Remote check deposit. AMAZING.
Pay my friends or businesses without a card. INCREDIBLE.

Give us more to rave about. Here’s what your financial institution can do to meet us halfway.

First, sell me what you have, not what you hope to have. Removing the disparity between those two things will make business with millennials much easier. When you use the words “fully online” or “instant approval,” and then ask me to come into a branch, know that I am walking away. In this day and age, words are more important than ever.

Second, allow more access. Make it easy for me to access the resources I want when it is most convenient for me, without misleading marketing. And give me access to the resource we both love: your employees. Millennials appreciate companies that successfully use technology to conveniently provide face-to-face, personalized service. POPi/o Video Banking is an excellent example of that mix, which is why I sincerely believe in our value proposition.

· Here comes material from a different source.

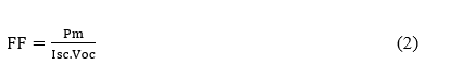 The Pm (maximum power) was calculated from the Vm (maximum voltage) and Im (maximum current). Furthermore, the efficiency of the solar cells was computed using the formula:

Third, you know my financial future (just look at Social Security), so help me get to where I need to be. When I am asking questions or evaluating solutions, pay attention and use your product and service knowledge to offer the best match. I take my financial future seriously, and silly upsells that are unrelated to my needs demeans any prior positive experience.

The good news is your employees are the solution. Email. Phone. Video chat. That is how I get access and work actually gets done on my behalf, with the latter providing an in-branch experience at any hour.

Listening, really listening to your millennial market, is the first step to building a better relationship.